### Task description
Within the entries below, please retype exactly the lines starting with the line that has "Teleskopik ray, çekmece" and going on through the line that has "3. Пляж Санта", but not the pictures.

### Stored data

-=-=-=-=-

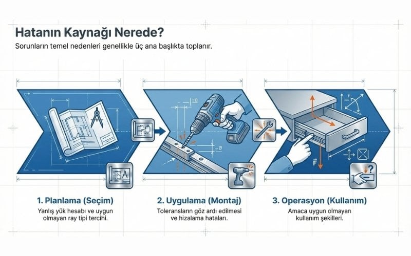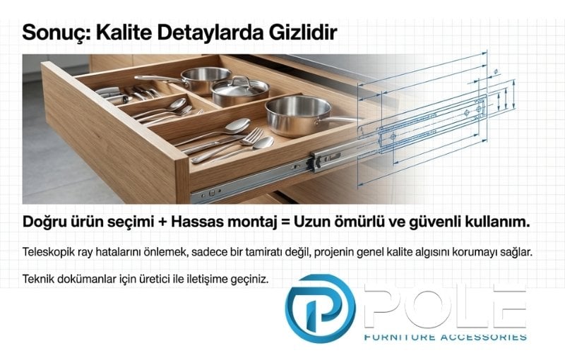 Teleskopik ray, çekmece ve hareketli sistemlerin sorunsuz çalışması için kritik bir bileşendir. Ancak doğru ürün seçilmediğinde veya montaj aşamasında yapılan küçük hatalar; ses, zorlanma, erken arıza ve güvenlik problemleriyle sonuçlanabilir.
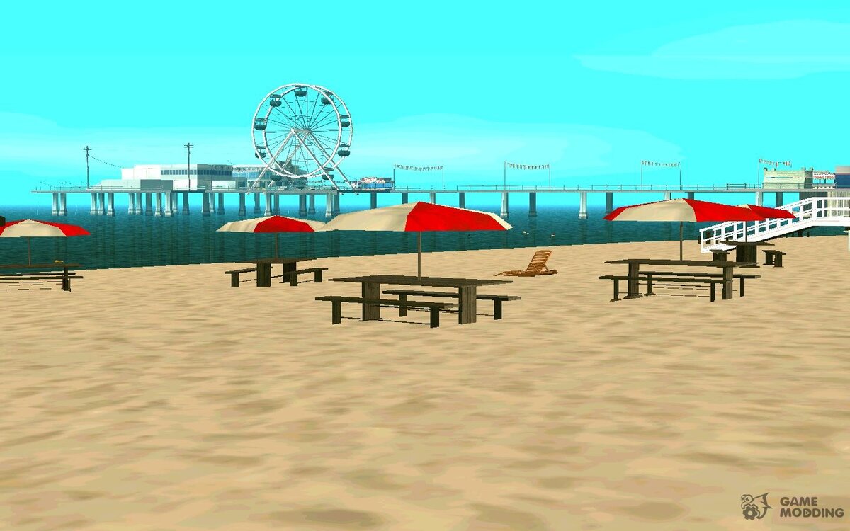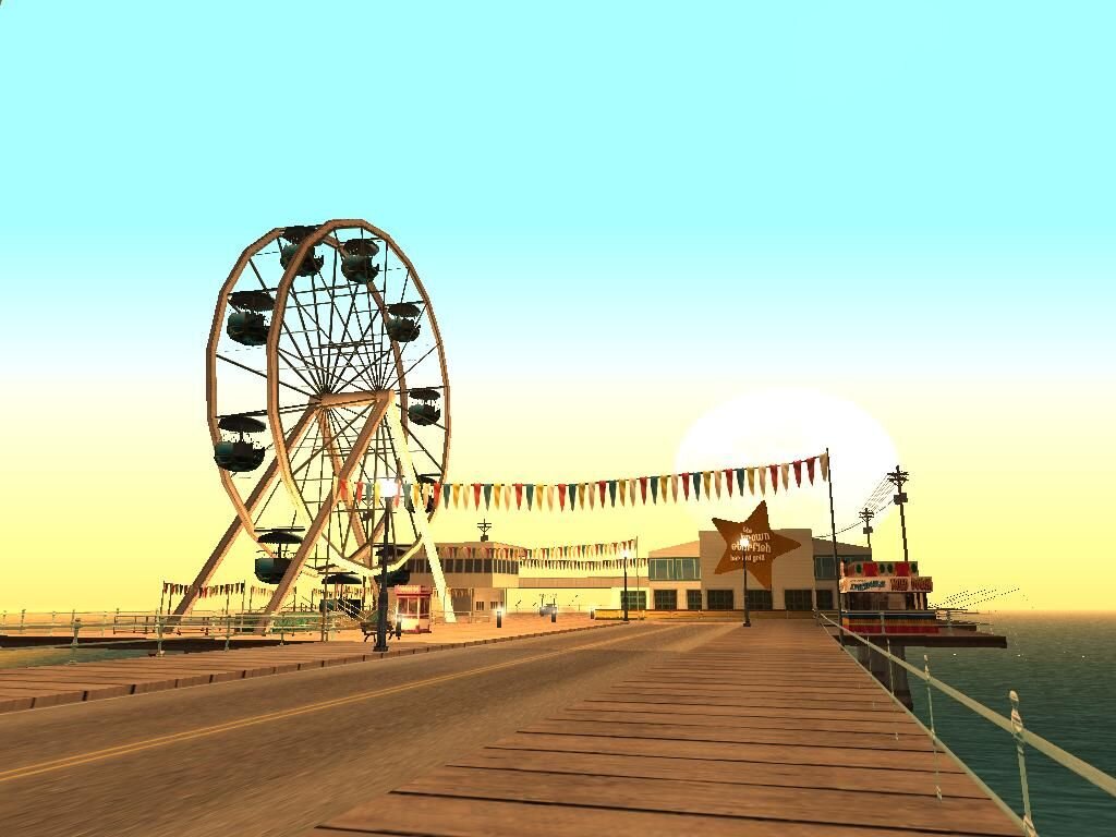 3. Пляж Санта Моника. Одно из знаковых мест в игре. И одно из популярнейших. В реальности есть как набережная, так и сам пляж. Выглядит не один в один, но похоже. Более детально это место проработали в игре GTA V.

-=-=-=-=-

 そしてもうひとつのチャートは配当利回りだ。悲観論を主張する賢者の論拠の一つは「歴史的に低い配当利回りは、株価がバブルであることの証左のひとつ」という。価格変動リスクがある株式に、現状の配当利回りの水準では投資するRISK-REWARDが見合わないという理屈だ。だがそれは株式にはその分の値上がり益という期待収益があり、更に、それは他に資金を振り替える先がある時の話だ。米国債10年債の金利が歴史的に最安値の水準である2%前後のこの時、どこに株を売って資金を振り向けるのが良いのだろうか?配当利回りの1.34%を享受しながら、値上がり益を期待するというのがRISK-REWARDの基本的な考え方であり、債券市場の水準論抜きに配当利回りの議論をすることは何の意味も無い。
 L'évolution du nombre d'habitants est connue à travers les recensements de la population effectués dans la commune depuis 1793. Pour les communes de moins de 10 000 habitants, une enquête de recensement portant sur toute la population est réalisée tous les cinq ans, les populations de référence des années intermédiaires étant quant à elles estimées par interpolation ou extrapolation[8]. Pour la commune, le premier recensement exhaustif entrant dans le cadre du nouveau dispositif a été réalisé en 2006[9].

-=-=-=-=-

### Task answer
 Teleskopik ray, çekmece ve hareketli sistemlerin sorunsuz çalışması için kritik bir bileşendir. Ancak doğru ürün seçilmediğinde veya montaj aşamasında yapılan küçük hatalar; ses, zorlanma, erken arıza ve güvenlik problemleriyle sonuçlanabilir.
 3. Пляж Санта Моника. Одно из знаковых мест в игре. И одно из популярнейших. В реальности есть как набережная, так и сам пляж. Выглядит не один в один, но похоже. Более детально это место проработали в игре GTA V.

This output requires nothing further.